Is there a trick to left shift a HL pair effeciently?

[bearcat]

I would really like to have a double register SHL instruction to be used after a MAC.
Can't find anything to do this without a brute force of maybe 3-4 instructions.

Any tricks? Miss something?

[segher]

The "brute force" way is 5 insns, unless shifting by a multiple of 8 bits:
(input is H:L and N, output is H:L):

sub nn,bpw,N
shl H,H,N
shr t,L,nn
or H,H,t
shl L,L,n

If N is a constant, the SUB can be replaced by an LDC or left out if nn is okay for a SHRI.
xcc uses this sequence for constant shifts, and does a libcall for variable shifts (and that
libcall does way too much work).


Here's a neat 3-insn sequence (2 insns if N is fixed, in a loop for example):

mkmsk m,N
shl H,H,N
maccu H,L,m,L

[richard]

sub nn,bpw,N
shl H,H,N
shr t,L,nn
or H,H,t
shl L,L,n

This doesn't work if the shift amount is greater than 32.

mkmsk m,N
shl H,H,N
maccu H,L,m,L

Very nice :D

[segher]

sub nn,bpw,N
shl H,H,N
shr t,L,nn
or H,H,t
shl L,L,n

This doesn't work if the shift amount is greater than 32.

True, but there is no good way to do that anyway. Well, actually it's easier
on xs1 than on most other cpus:

sub nn,bpw,N # this is not a single insn actually, no "sub from" on xs1
shl H,H,N
shr t,L,nn
or H,H,t
sub nn,N,bpw
shl t,L,nn
or H,H,t
shl L,L,n

(still better than the libcall, and works for all (unsigned) N).

mkmsk m,N
shl H,H,N
maccu H,L,m,L

[/quote]
This works for N in 0..bpw inclusive. Making it work for all N isn't trivial
unfortunately. A "difference or zero" insn or a "mask select" insn would
help, but those don't exist.

Very nice :D

Glad you like it! Would you have more puzzles like this? :-)

[bearcat]

Good idea with the shl and MACCU. I will have to scratch my head on that sequence a little more to reason it out.

Making the mask prior to an IIR loop would work fine. Using a register based SHL would allow for different shifts.

For fixed point scaling in an IIR, needing to shift more than 11 posititions would be terrible. So that is not an issue in general.

Have to run some measurements to see if it's worth the extra instructions in an IIR, but two instructions is alot better than I thought possible.

Thanks all.

[bearcat]

After looking at it some more. The contents of new L register must be zero prior to the MACCU.

So more like:

mkmsk m,N
shl H,H,N
maccu H,0,m,L where 0 is a register with value of 0 and the 0 is overwritten, not able to be reused.

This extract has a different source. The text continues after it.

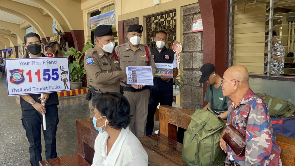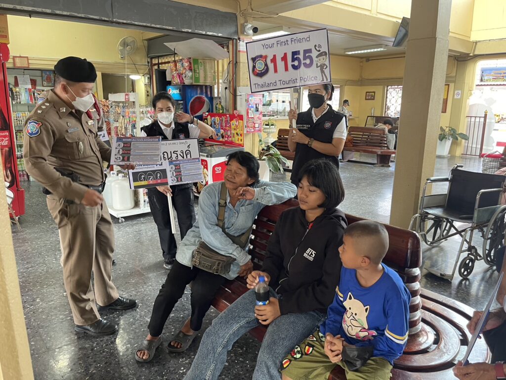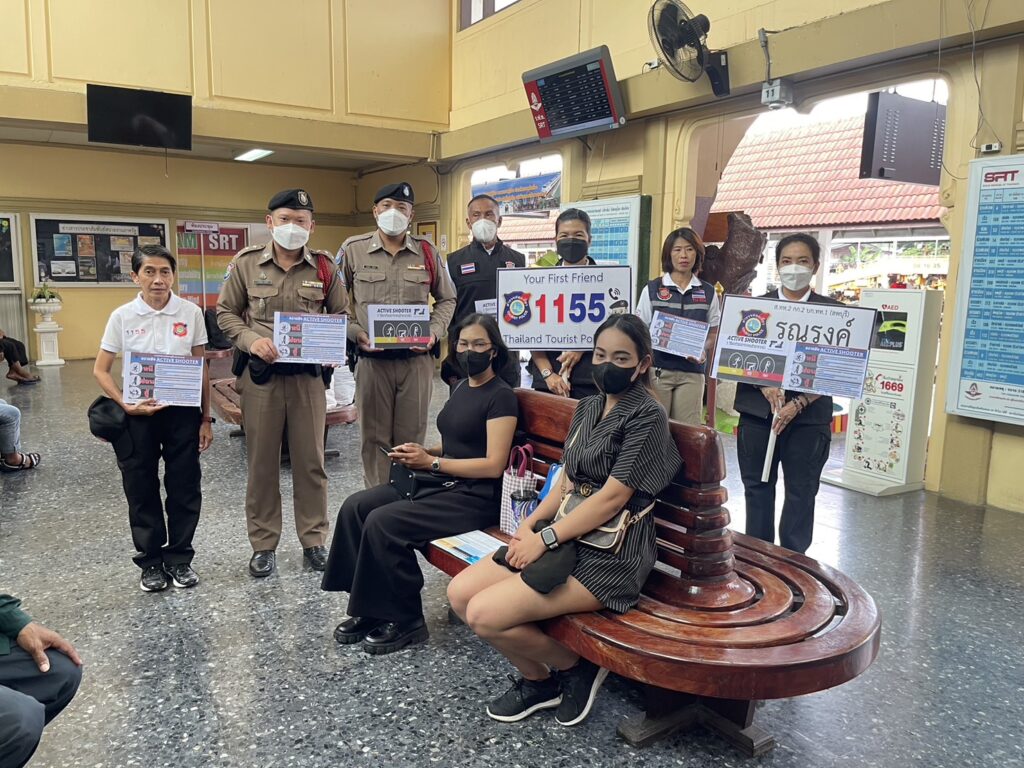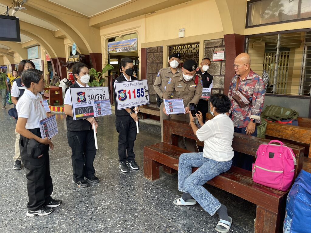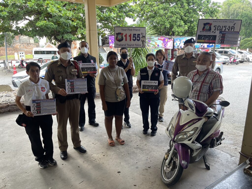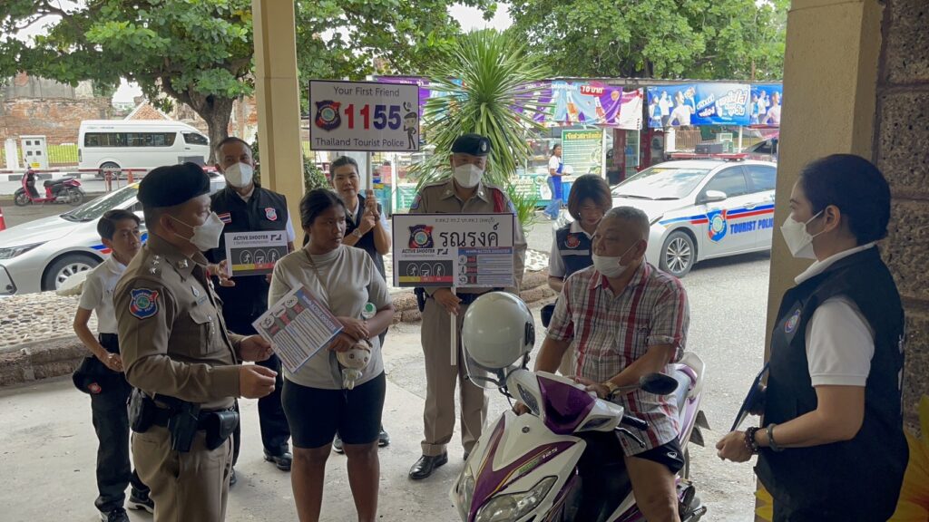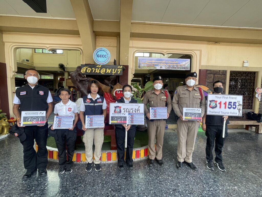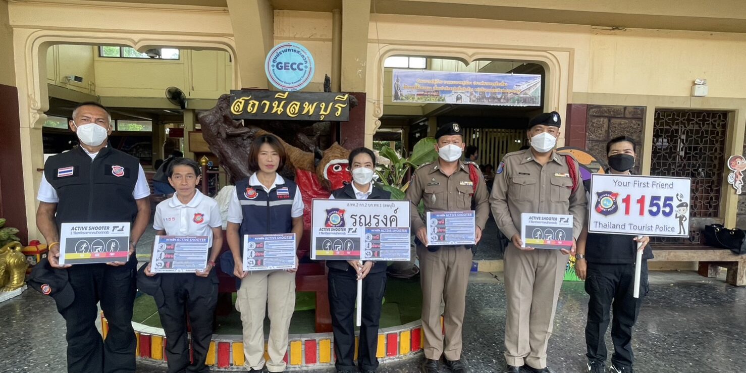 ตำรวจท่องเที่ยวลพบุรี ภายใต้การนำของ พ.ต.ท.พัฒนพงศ์ ศิริเจริญนำ สารวัตรหัวหน้าสถานีพร้อมกำลังอาสาสมัครตำรวจ ออกรณรงค์ให้ความรู้แก่นักท่องเที่ยวและประชาชนตามแหล่งท่องเที่ยวและสถานีรถไฟลพบุรี โดยอธิบายถึงวิธีการเอาตัวรอด ตามหลักการ “หนี ซ่อน สู้ “

If a register is available with a zero and the mkmsk is not counted, then may be only 1 added instruction, since you must do a SHL anyways to shift the prior MAC H. But probably 2 still since the 0 register is destroyed and will be needed on the next loop.

Hmmm.... How about a "phatom" register that is always zero? Would make applying gains 2 instructions instead of 4, or save two instructions on the initial MAC's.

Thinking of the above, has anyone been able to use the "LSUB 0" trick (like lsub (h), (l), (h), (h), (h)) to zero two registers using inline assembly? Every combination I have tried ends up with the XCC compiler adding three "LDC 0"s right before the instruction????? I did not try using multiple asm instructions in a single inline assembly line. Will try that.

I have also learned that XCC can add instructions inbetween your inline assembly statements so if you are doing any branching, need to use a label (best practice anyways).

[segher]

After looking at it some more. The contents of new L register must be zero prior to the MACCU.

No, it's correct as I wrote it.

We want to compute (H:L)*2**N
= (H:0)*2**N + (0:L)*2**N
= (H*2**N:0) + (0:L) + (0:L)*(2**N - 1)
= (H*2**N:L) + (0:L)*(2**N - 1)

Hmmm.... How about a "phatom" register that is always zero?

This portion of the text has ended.